-- Directions for this task --
Excluding images, repeat the data exactly as given.

*** Supplied data ***

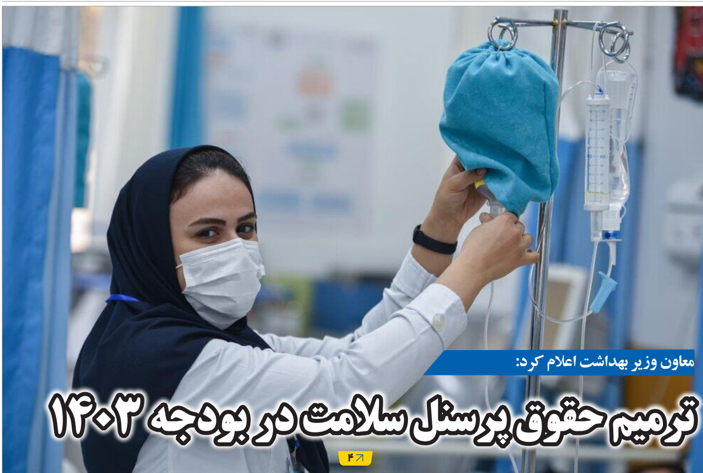
معاون وزیر بهداشت اعلام کرد:
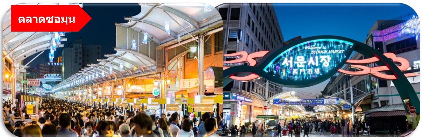
ตลาดชอมุน

นำท่านเที่ยวชม ตลาดชอมุน (Seomun Market) ตลาดพื้นเมืองชื่อดัง ที่มีประวัติยาวนานตั้งแต่สมัยโชซอน และถือเป็นหนึ่งในตลาดดั้งเดิมที่ใหญ่ที่สุดของเกาหลีใต้ ภายในเต็มไปด้วยของกินสตรีทฟู้ด ร้านผ้า เสื้อผ้า ของฝาก และบรรยากาศท้องถิ่นแบบเกาหลีแท้ ๆ ไฮไลท์ห้ามพลาดคือ "ตลาดกลางคืน" ที่คึกคักไปด้วยอาหารพื้นเมืองสุดอร่อย เช่น มัณฑูแป็งเคียงแบน และดอกบกกี
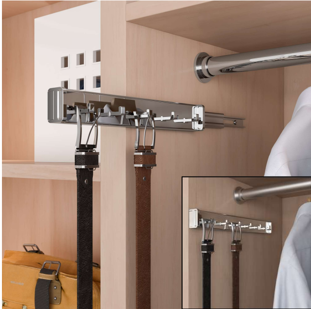
Support à ceintures
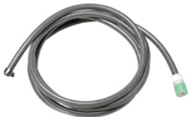
給水ホースセット Digi Mist (5m ホース、水道パチット付き)
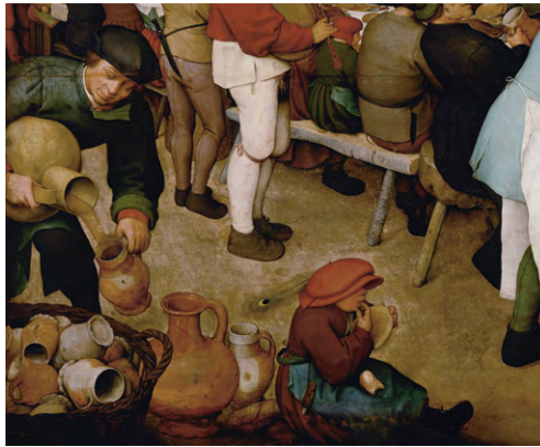
Přelévání piva. Výřez obrazu Venkovská svatba, Pieter Bruegel, 1568.

Chmel se nejprve zřejmě sbíral divoký, ale již z poslední čtvrtiny 11. století máme u nás první doklady o chmelnicích, tedy polním pěstování chmelu. O pěstování chmelu ve středověku máme doklady i z našeho regionu, a to ze Zlomků urbáře kláš-
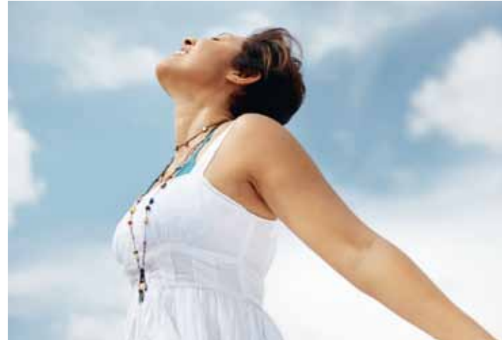
Die Wechseljahre verlaufen individuell ganz unterschiedlich. Bei einigen Frauen treten gar keine oder nur leichte Beschwerden auf.

Seit vielen Jahren wird die Bewertung von Nutzen und Risiken der HT kontrovers diskutiert. Daher ist es ganz verständlich, dass viele Frauen verunsichert sind. Das Grundprinzip sollte heißen: so viel wie nötig, so wenig wie möglich. So sieht die Deutsche Gesellschaft für Gynäkologie und Geburtshilfe (DGGG) eine medizinische Notwendigkeit der Hormontherapie in folgenden Fällen: bei Unterfunktion der Eierstöcke seit den Jugendjahren, wenn die Eierstöcke vor den Wechseljahren entfernt wurden, wenn die Wechseljahre vor dem 40. Lebensjahr eingesetzt haben oder bei nachweislicher Osteoporose. Im Einzelfall kann die HT hilfreich sein, um Herz-Kreislauf-Erkrankungen vorzubeugen, bei familiärer Osteoporose-Belastung oder wenn die männlichen Hormone überwiegen und Frauen unter Akne, Haarausfall und Damenbart leiden.

*** End of Supplied data ***

-- Exercise response --
معاون وزیر بهداشت اعلام کرد:
ตลาดชอมุน

นำท่านเที่ยวชม ตลาดชอมุน (Seomun Market) ตลาดพื้นเมืองชื่อดัง ที่มีประวัติยาวนานตั้งแต่สมัยโชซอน และถือเป็นหนึ่งในตลาดดั้งเดิมที่ใหญ่ที่สุดของเกาหลีใต้ ภายในเต็มไปด้วยของกินสตรีทฟู้ด ร้านผ้า เสื้อผ้า ของฝาก และบรรยากาศท้องถิ่นแบบเกาหลีแท้ ๆ ไฮไลท์ห้ามพลาดคือ "ตลาดกลางคืน" ที่คึกคักไปด้วยอาหารพื้นเมืองสุดอร่อย เช่น มัณฑูแป็งเคียงแบน และดอกบกกี
Support à ceintures
給水ホースセット Digi Mist (5m ホース、水道パチット付き)
Přelévání piva. Výřez obrazu Venkovská svatba, Pieter Bruegel, 1568.

Chmel se nejprve zřejmě sbíral divoký, ale již z poslední čtvrtiny 11. století máme u nás první doklady o chmelnicích, tedy polním pěstování chmelu. O pěstování chmelu ve středověku máme doklady i z našeho regionu, a to ze Zlomků urbáře kláš-
Die Wechseljahre verlaufen individuell ganz unterschiedlich. Bei einigen Frauen treten gar keine oder nur leichte Beschwerden auf.

Seit vielen Jahren wird die Bewertung von Nutzen und Risiken der HT kontrovers diskutiert. Daher ist es ganz verständlich, dass viele Frauen verunsichert sind. Das Grundprinzip sollte heißen: so viel wie nötig, so wenig wie möglich. So sieht die Deutsche Gesellschaft für Gynäkologie und Geburtshilfe (DGGG) eine medizinische Notwendigkeit der Hormontherapie in folgenden Fällen: bei Unterfunktion der Eierstöcke seit den Jugendjahren, wenn die Eierstöcke vor den Wechseljahren entfernt wurden, wenn die Wechseljahre vor dem 40. Lebensjahr eingesetzt haben oder bei nachweislicher Osteoporose. Im Einzelfall kann die HT hilfreich sein, um Herz-Kreislauf-Erkrankungen vorzubeugen, bei familiärer Osteoporose-Belastung oder wenn die männlichen Hormone überwiegen und Frauen unter Akne, Haarausfall und Damenbart leiden.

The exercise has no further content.